Today's Georgetown Voice mentioned that one of my English professors and my former advisor, Joel Siegel, passed away last week. (The Washington Post obituary is also available. Along with one of my high school English teachers, Professor Siegel was responsible for my desire to become an English major at Georgetown. I only had one class with him, and it wasn't his popular "Elements of Film" class; it was his section of the writing workshop that was an option for the freshman English requirement but that most students avoided. (From that last sentence, you can tell that his writing lessons didn't sink in. That's my fault, not his. Students avoided the writing workshop sections for the workload. They didn't avoid his section in particular.)
His class used the cultural resources of Washington, DC, as the basis for the papers we wrote every week. We wrote about paintings in an art gallery, a dim sum brunch in Chinatown, reviews of a play, a movie, and a concert (I was the class expert on the concert, which was a solo violist with piano accompaniment), and even a little fiction based on an Edward Hopper painting. While I was familiar with some of the museums and cultural opportunities in DC, it was his class that showed me the variety of options that students had at their disposal. Writing two-page papers every week wasn't hard for me, and it allowed me to work on my writing skills and apply them to papers for other classes. Throughout everything we did as a class, Professor Siegel was a knowledgeable, entertaining host and educator. He offered his opinions about our experiences and led engaging class discussions of our excursions. I was so impressed with his style, wit, and approachability, along with his writing talents, that I asked him to be my advisor when I decided to major in English. He was perhaps not the best choice (he said so himself when I asked him), since he was on sabbatical for my junior year and I had to ask another professor to substitute for him, but when I was able to see him for advice about my schedule, he was helpful and tried to provide what insight he could into other classes and professors. I wish I'd gotten more of a chance to know him while I was there. Given my current interest in films, I'm sure I would have liked his film class. One of the films he showed us was Superstar: The Karen Carpenter Story Todd Haynes' infamous movie about the life and death of the singing star, told with Barbie dolls. It's extremely hard to find, since Haynes had to withdraw it from release after the Carpenter family refused to grant him the rights to the songs. It's disturbing and grotesque, yet oddly compelling, and it's just the sort of film that Professor Siegel liked for its effect on his class.
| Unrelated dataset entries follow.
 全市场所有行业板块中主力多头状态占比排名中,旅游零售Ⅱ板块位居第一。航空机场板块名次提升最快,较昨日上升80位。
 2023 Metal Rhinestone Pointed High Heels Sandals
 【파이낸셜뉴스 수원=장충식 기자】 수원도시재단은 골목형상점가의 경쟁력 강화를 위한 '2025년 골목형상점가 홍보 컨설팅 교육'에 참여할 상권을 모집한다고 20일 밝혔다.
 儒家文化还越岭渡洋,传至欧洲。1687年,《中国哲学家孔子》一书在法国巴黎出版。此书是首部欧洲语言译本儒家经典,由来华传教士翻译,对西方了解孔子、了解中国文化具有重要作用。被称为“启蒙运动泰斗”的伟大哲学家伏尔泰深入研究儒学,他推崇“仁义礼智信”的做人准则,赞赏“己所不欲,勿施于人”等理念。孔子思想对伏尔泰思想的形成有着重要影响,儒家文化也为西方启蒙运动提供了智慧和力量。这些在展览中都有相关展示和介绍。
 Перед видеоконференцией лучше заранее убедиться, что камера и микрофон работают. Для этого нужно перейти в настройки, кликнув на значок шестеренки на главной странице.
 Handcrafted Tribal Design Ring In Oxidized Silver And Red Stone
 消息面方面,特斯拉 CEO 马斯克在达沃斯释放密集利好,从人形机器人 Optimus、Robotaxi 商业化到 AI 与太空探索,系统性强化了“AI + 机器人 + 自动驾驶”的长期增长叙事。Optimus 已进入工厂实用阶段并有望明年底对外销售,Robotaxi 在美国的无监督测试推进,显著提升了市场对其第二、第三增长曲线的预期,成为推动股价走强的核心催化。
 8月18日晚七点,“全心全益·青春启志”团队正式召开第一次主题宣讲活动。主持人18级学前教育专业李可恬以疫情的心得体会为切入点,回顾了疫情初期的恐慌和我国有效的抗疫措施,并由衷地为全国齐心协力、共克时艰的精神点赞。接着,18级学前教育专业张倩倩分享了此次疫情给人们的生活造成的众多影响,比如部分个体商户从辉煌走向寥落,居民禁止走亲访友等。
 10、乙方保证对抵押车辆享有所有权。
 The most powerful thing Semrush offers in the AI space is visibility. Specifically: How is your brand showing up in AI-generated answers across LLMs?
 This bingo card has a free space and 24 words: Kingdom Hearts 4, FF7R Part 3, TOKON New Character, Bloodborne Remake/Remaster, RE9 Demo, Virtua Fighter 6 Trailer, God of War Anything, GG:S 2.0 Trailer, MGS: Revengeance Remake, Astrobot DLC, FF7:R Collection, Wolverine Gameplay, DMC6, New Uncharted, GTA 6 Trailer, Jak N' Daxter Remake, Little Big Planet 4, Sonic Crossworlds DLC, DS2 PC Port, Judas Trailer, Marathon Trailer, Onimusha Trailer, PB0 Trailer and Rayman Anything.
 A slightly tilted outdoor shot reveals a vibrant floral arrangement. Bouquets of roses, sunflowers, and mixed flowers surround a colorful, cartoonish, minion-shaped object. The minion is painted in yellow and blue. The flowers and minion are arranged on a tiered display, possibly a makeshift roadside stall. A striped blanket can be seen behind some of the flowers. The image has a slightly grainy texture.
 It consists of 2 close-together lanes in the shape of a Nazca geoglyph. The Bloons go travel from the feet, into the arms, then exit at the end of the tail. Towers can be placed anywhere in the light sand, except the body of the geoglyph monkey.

After graduation I continued to enjoy his movie reviews each week in the Washington City Paper. He was always entertaining, whether or not he liked the film he was reviewing. He won a Grammy in 1993 for liner notes he wrote for a jazz album, and I was sometimes proud that I could say I knew a Grammy winner personally. I thought of him occasionally but didn't think I knew him well enough to contact him. I regret not making any effort to stay in touch, and hearing that he's gone saddens me. It's so easy to write a letter to an old friend, and clearly writing is something that I enjoy, so I must make more of an effort to stay in touch with former educators like Professor Siegel while I have the chance.